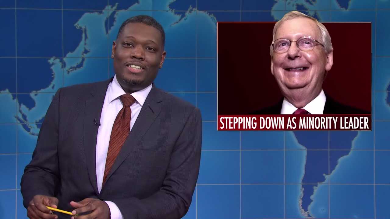 - The “seen here” Mitch McConnell string of jokes are a lot of fun and will strangely make me almost miss Moscow Mitch being the GOP leader so we can see Colin making fun of him.
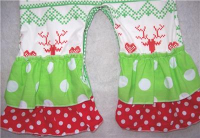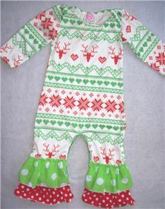A BOUTIQUE ~ISLA GRACE~ RUFFLED RED & GREEN CHRISTMAS ROMPER & HAIRBOW.
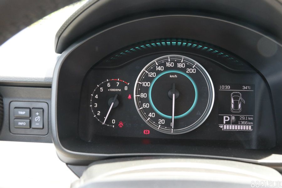 駕駛儀錶由左至右分別是引擎轉速、時速以及各項旅程資訊顯示幕,雖然造型簡單,但行車資訊該有的都有,不因入門便宜而有犧牲;上方與時速錶中央都有藍綠色的背光點綴,能多少增進質感,此外,在圖中最左側備有儀錶資訊幕的切換按鍵「INFO」,但是在方向盤上,也有個相同功能的「INFO」鍵,重複配置,讓人心中產生問號。
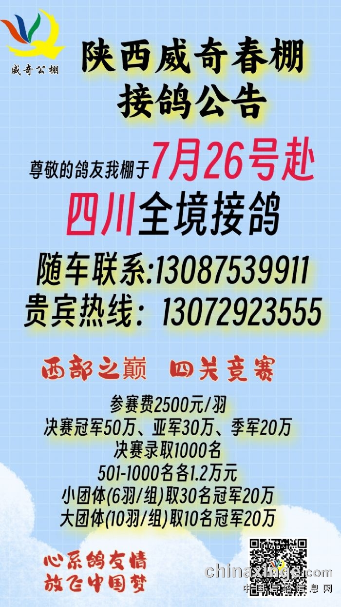 陕西威奇春棚7月26日赴四川全境接鸽公告

________________________________________

Pictures are to be omitted from the copy. Reproduce exactly, and only, the lines from the one containing "駕駛儀錶由左至右分別是引擎轉" to the end of the listing above.

RESPONSE >>
 駕駛儀錶由左至右分別是引擎轉速、時速以及各項旅程資訊顯示幕,雖然造型簡單,但行車資訊該有的都有,不因入門便宜而有犧牲;上方與時速錶中央都有藍綠色的背光點綴,能多少增進質感,此外,在圖中最左側備有儀錶資訊幕的切換按鍵「INFO」,但是在方向盤上,也有個相同功能的「INFO」鍵,重複配置,讓人心中產生問號。
 陕西威奇春棚7月26日赴四川全境接鸽公告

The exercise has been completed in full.